#### Records

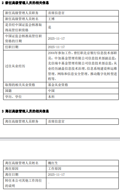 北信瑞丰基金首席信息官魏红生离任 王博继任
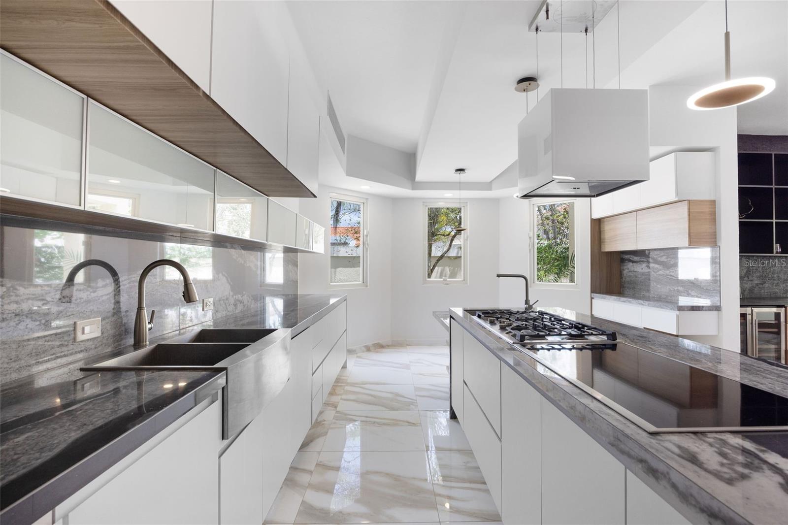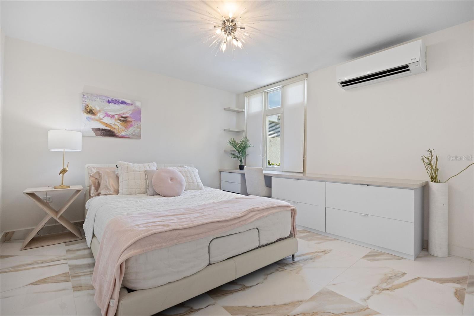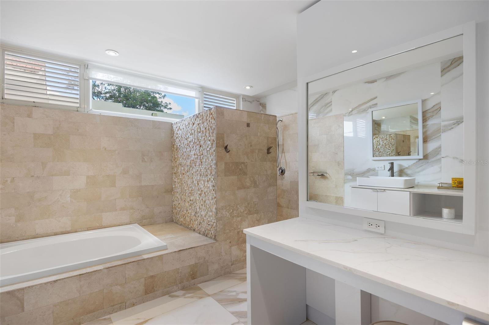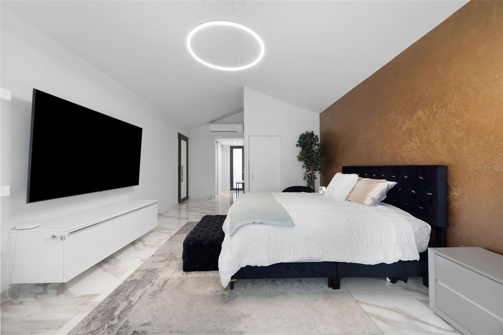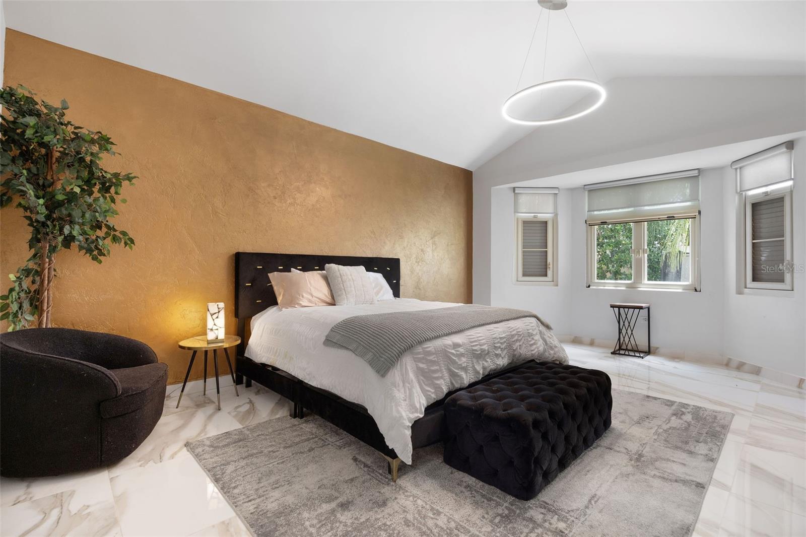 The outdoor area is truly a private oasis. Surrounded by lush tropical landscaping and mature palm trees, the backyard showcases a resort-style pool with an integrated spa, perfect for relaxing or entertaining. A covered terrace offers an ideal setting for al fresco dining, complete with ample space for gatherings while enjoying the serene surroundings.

########
#### Records

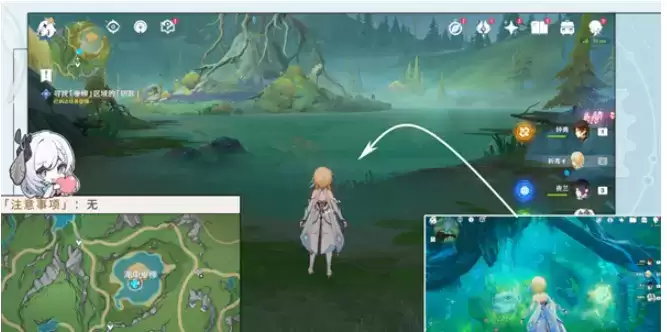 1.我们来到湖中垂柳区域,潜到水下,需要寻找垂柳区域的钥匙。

########

What to work on: In the listing above, find the line with "北信瑞丰基金首席信息官魏红生离任 王博继任" and output it and every line after it up to and including the line with "The outdoor area", exactly, minus the pictures.

Exercise answer:
 北信瑞丰基金首席信息官魏红生离任 王博继任
 The outdoor area is truly a private oasis. Surrounded by lush tropical landscaping and mature palm trees, the backyard showcases a resort-style pool with an integrated spa, perfect for relaxing or entertaining. A covered terrace offers an ideal setting for al fresco dining, complete with ample space for gatherings while enjoying the serene surroundings.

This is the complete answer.